Using Cloud Computing for Processing Dynamic Data Streams

Luis Pineda
Seminar

With the rapidly growing number of dynamic data streams produced by sensing and experimental devices as well as social networks, scientists are given an unprecedented opportunity to explore a variety of environmental and social phenomena ranging from understanding of weather and climate to population dynamics. One of the main challenges is that dynamic data streams and their computation requirements are volatile: sensors or social networks may generate data at highly variable rates, processing time in an application may significantly change from one stage to the next one, or different phenomena may simply generate different levels of interest. Cloud computing is a promising platform allowing us to cope with such volatility because it enables us to allocate computational resources on demand, for short periods of time, and at an acceptable cost. At the same time using clouds for this purpose is challenging because an application may yield a very different performance depending on the hosting infrastructure, requiring us to pay special attention to how and where we schedule resources.
 
In this presentation, I will describe our experiences using an application relying on input from social networks, notably geo-located tweets, to discover correlation between users’ work and home locations, with focus in the Illinois area.

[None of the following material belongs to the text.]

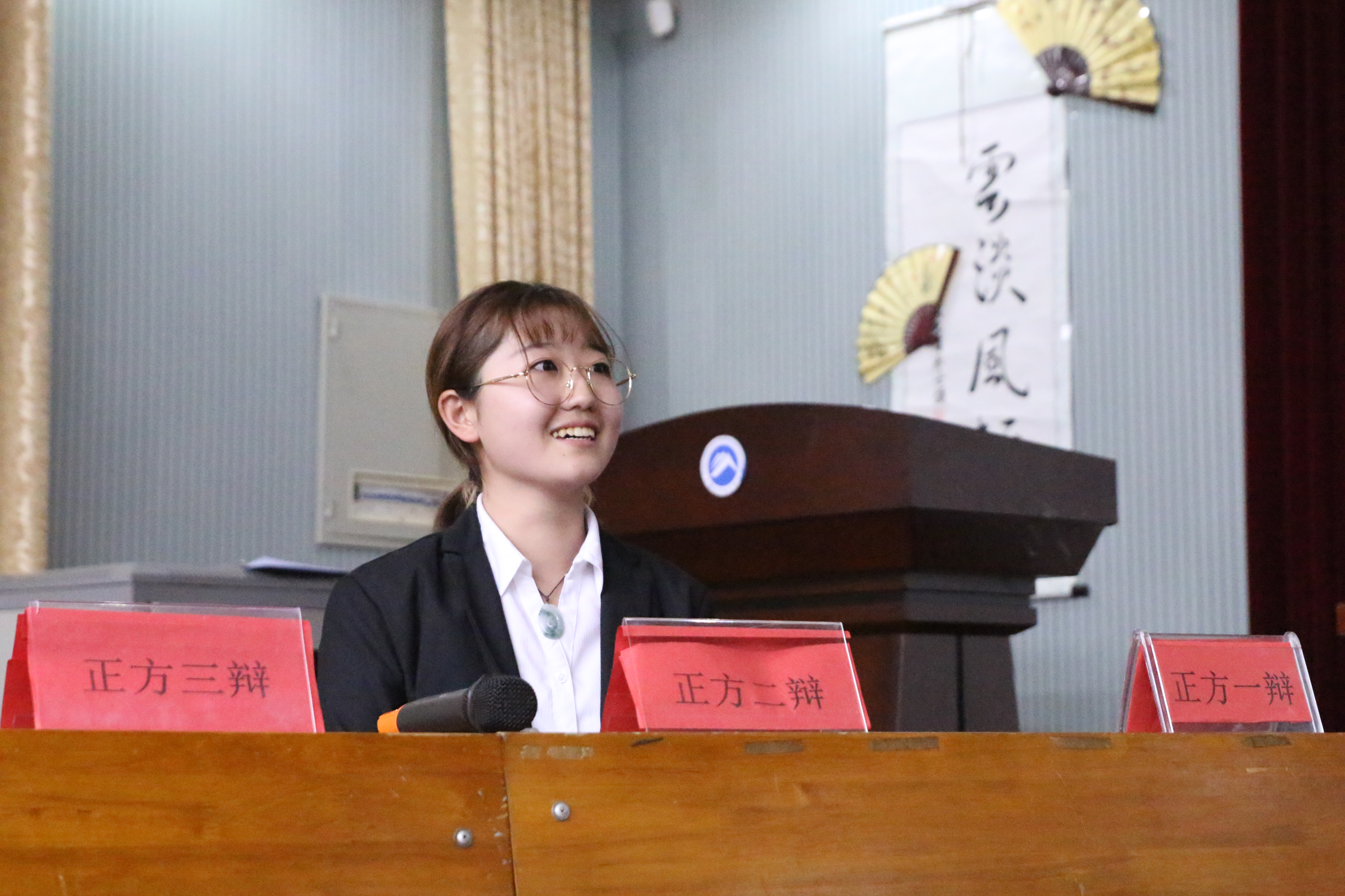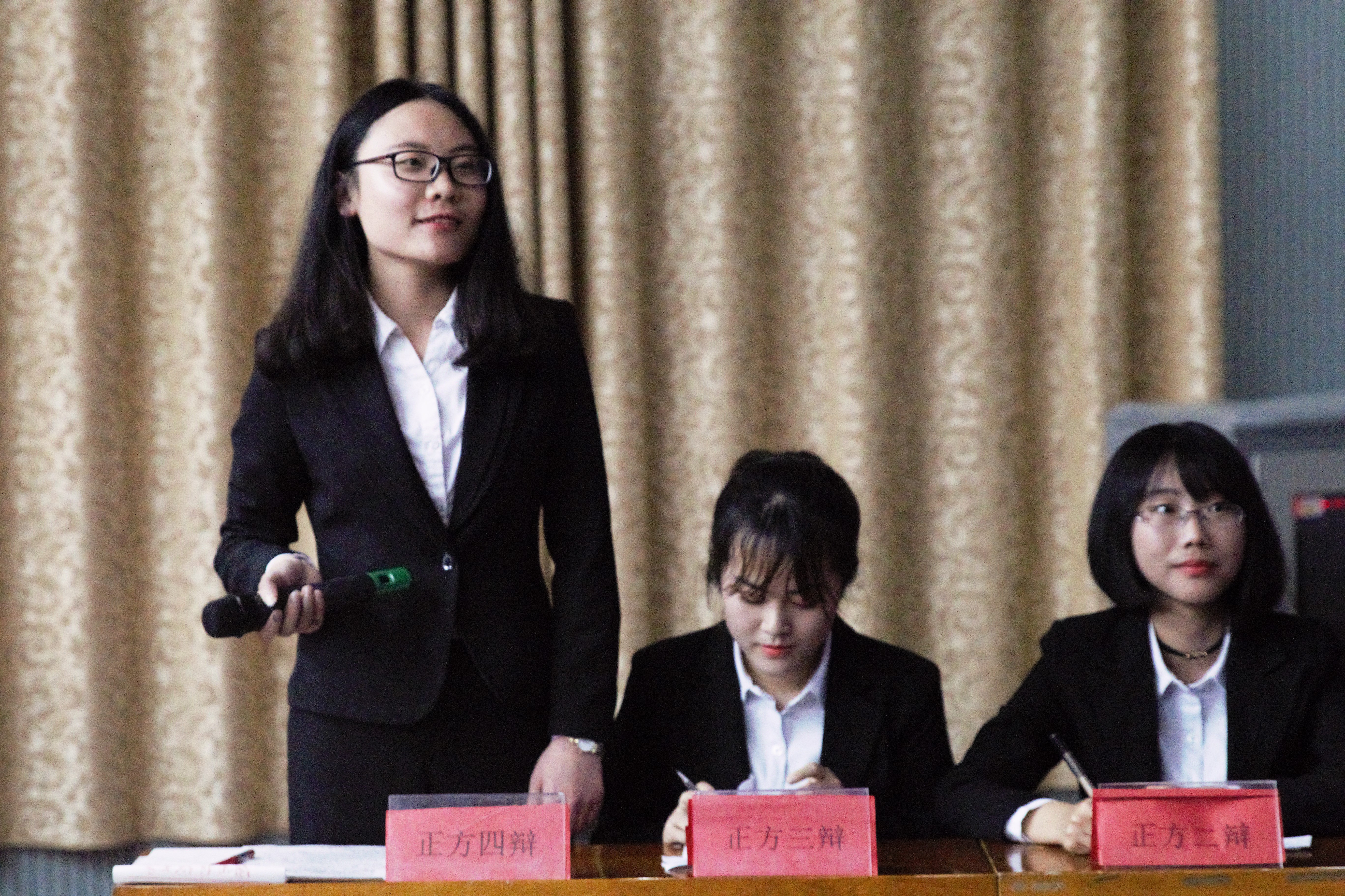 比赛以一支精彩舞曲开始,主持人在简短介绍来宾之后播放了加油视频,各种幽默的画面和话语惹得台下笑声连连。随着观众席上的奋力呐喊,双方战队雄赳赳气昂昂地上场了。正式进入辩论阶段,双方辩手各自陈词讲述自己的观点,侃侃而谈,妙语连珠,场下观众激情澎湃,掌声连连响起。在各位辩手对对方提问、反驳的环节中,相互之间更是进行了激烈的交锋,唇枪舌战,你来我往。观赛学生也热情参与,与辩手的互动更是将现场的气氛活跃起来。攻辩小结中,各辩手抓住对方漏洞,提出自己的看法,展开了激烈的辩论。在最扣人心弦的自由辩论环节,两支队伍乘风破浪,气势如虹,将比赛的气氛推向高潮。辩手们越说越激动,你一言我一语。两队棋逢对手,慷慨激昂,嘉宾、评委和观众也被震撼,将赞赏的目光都汇聚在他们身上。现场的气氛也迅速升温,精彩不停,掌声不断。双方队伍进行了陈词总结之后,开始了观众提问环节,台下的观赛学生也对正、反方的论点提出了自己的看法和不同的见解,台上的辩手们一一进行了回复。最后,经过初赛、复赛和决赛的激烈比拼以及评委们的公正评判,国贸二班的队伍摘得桂冠,由旅管和市营组成的混合队伍也取得了亚军的好成绩。

Our overall intent is to assess the impact of running the same application in offerings from different providers; to this end, we execute data filtering and per-user classification applications in two flavors of Chameleon cloud instances, namely bare-metal and KVM. Also, we analyze specific configuration parameters, such as data block size, replication factor and parallel processing, towards statistically modeling the application performance in a given infrastructure. We then identify and discuss the key parameters that influence the execution time. Finally, we look into the gains brought by accounting for data proximity when scheduling a resource in a multi-site environment.